Пусть не так быстро, но зато неуклонно стал меняться и мой мир.
Хорошо помню, что когда семена-отпечатки были посеяны с полным осознанием и искренностью, то они и созревали относительно быстро.
Мне стало ясно, что в идеальном случае можно полностью изменить свою реальность в течение одной этой жизни.
Происходящую со мной перемену трудно было описать, но она была вполне заметной и несомненной. Еда стала вкуснее, цвета - ярче, я чувствовал, как веселье и творческая радость вскипают во мне, а люди вокруг меня, казалось, начали говорить и делать такие вещи, которые еще больше вдохновляли меня на духовные подвиги.
Нутром я чувствовал, что если мне удастся довести такой образ жизни до совершенства, то я смогу полностью изменить даже то, что кажется неизбежным, - болезни, старость или саму смерть. Мне было ясно, что для подобных, воистину великих перемен требуется нечто посерьезнее, чем мои нынешние усилия. Так я снова понял, что мне опять пора съездить в Сад.
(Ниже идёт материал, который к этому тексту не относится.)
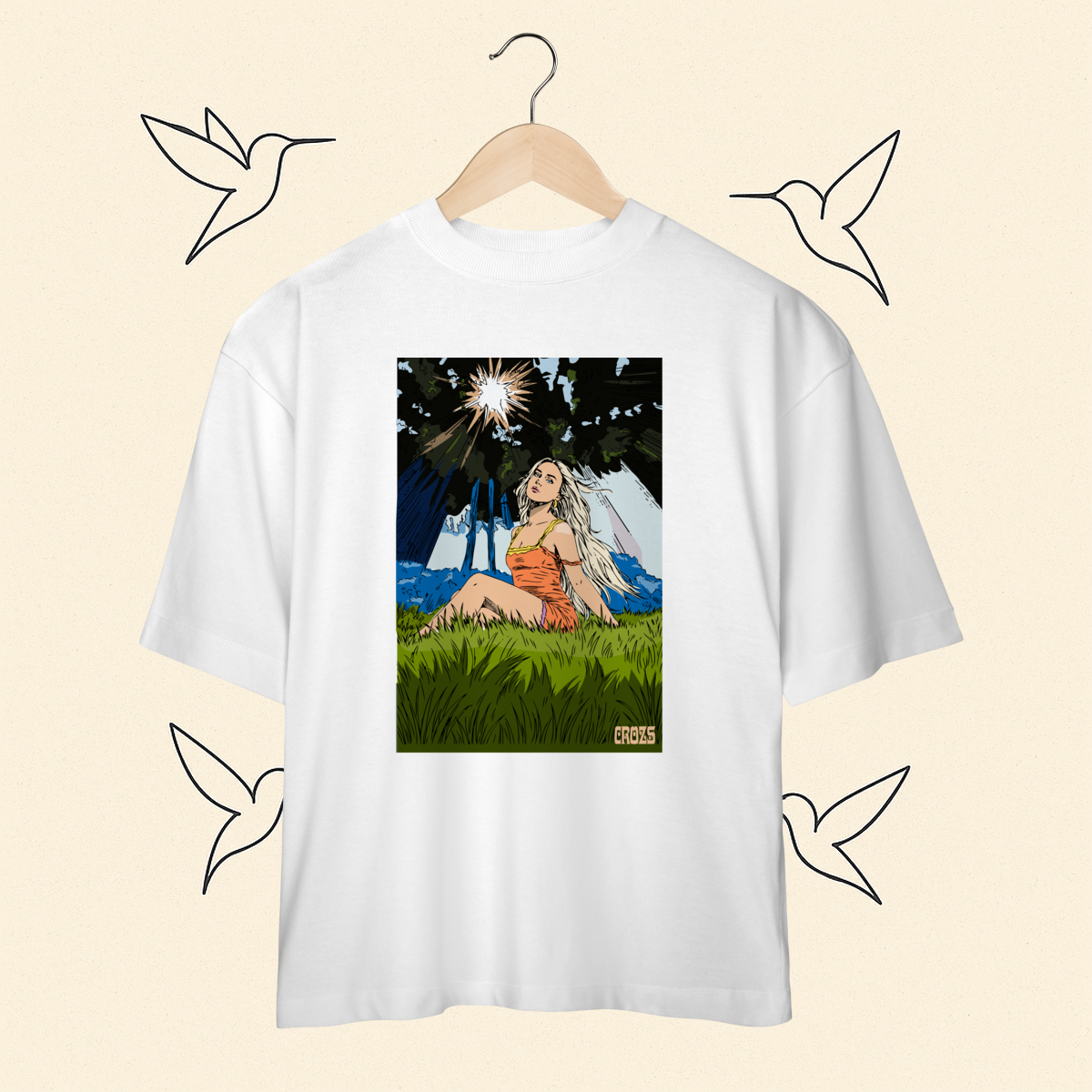 Cores do produto: Como cada tela de computador ou celular tem seu próprio jeito de mostrar cores, então a cor da sua camiseta e da estampa pode ser um pouco diferente do que você viu online.

Зима к тому времени кончилась, и роскошная степная весна была в самом разгаре. Войдя под конец дня в калитку, я сразу заметил - возможно, не в последнюю очередь из-за моей нынешней практики в искусстве добродетельной жизни, - что небольшой травяной газончик превратился в лужайку с буйной растительностью. Из фонтана била уже не просто вода, а кристально чистая, студеная горная вода, а ветви чинары разрослись и широко раскинулись далеко за пределы окружавшего ее кирпичного возвышения: свисая вниз, они теперь почти касались моей любимой деревянной скамейки, у которой я столь многому научился.
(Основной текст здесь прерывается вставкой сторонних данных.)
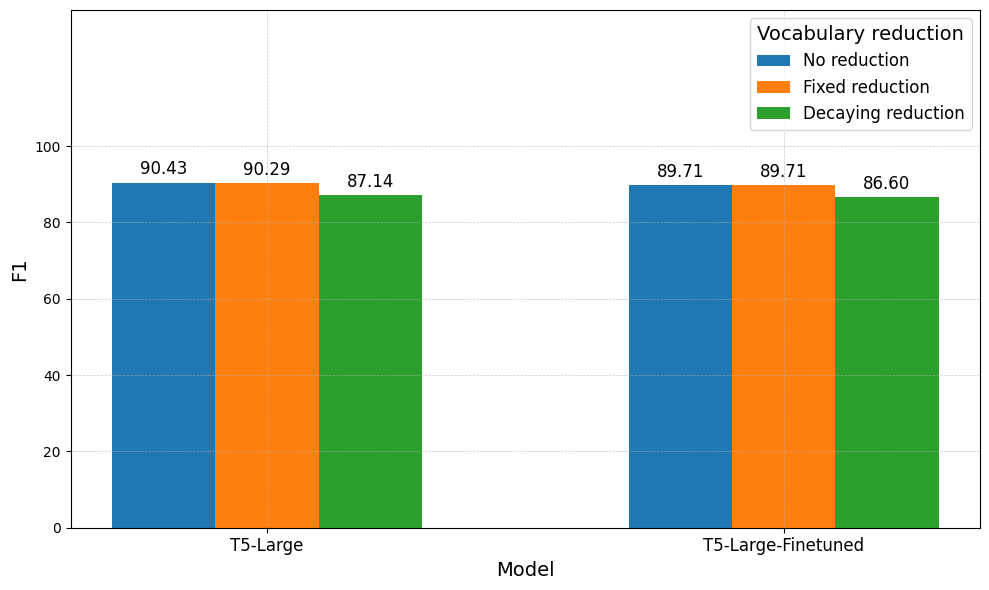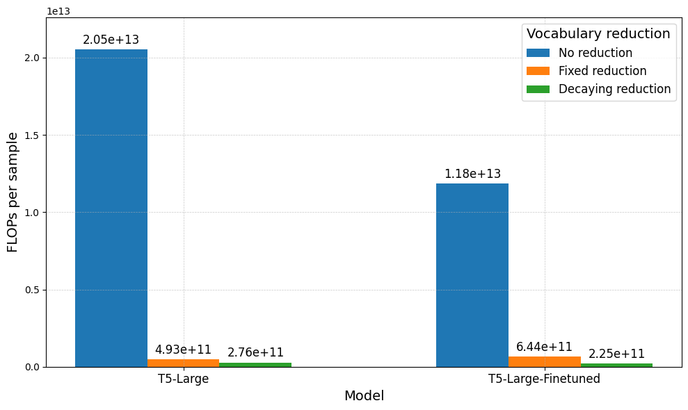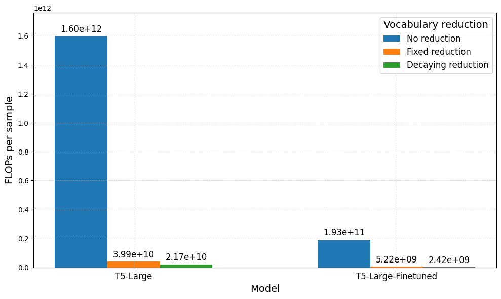 In conclusion, combining a vocabulary reduction approach, together with a confidence measure method, allows us to compute considerably fewer FLOPs, while retaining the performance with respect to Softmax and JSD baselines.

Вечерело. Присев на краешек скамейки, я обратил свой взор и мысли в южную часть Сада, где росла небольшая слива, под которой я стоял однажды с моей золотой госпожой, вырисовывая своими губами узор на ее челе. Мне вспомнилось, как в тот момент меня вдруг охватило чувство заботы о людях, с которыми мы даже не были знакомы, и одновременно с этим я ощутил какой-то толчок в глубине моего тела. Я так глубоко погрузился в эти воспоминания, что не заметил, как Учитель Асанга вошел в Сад и сел сбоку от меня на скамью.
Я повернулся, и первое, что увидел, была его рука, протягивающая мне небольшую ароматную пышку, похожую на те, что так любила печь для нас моя матушка.
- Это тебе, - сказал он не церемонясь, - я слышал, что ты их любишь.
Сам он уже жевал такую же пышку, дружелюбно поглядывая на меня, и мне ничего не оставалось как присоединиться к нему. Мы сидели на скамейке, болтая ногами, радуясь красоте Сада и вкусным пышкам; не успевал я покончить с одной, как он тут же протягивал другую, доставая ее из небольшой сумки, которую извлек откуда-то из-под складок своей накидки.
Он выглядел совсем не так, как мне представлялось. Асанга и Васубандху, его младший брат, уже успевший благословить меня своими наставлениями в Саду, вот уже на протяжении шестнадцати веков считались двумя самыми великими из известных нам мыслителей. Но, сидя сейчас передо мной, он казался мне просто добрым приятелем. У него было простое открытое лицо, благородные движения и совсем кроткая, почти застенчивая манера говорить. Он не слишком заботился о том, как выглядит его одежда, но монашеское платье так естественно сидело на нем, что казалось частью его самого, а мягкость складок ткани - продолжением его собственной мягкости и доброты.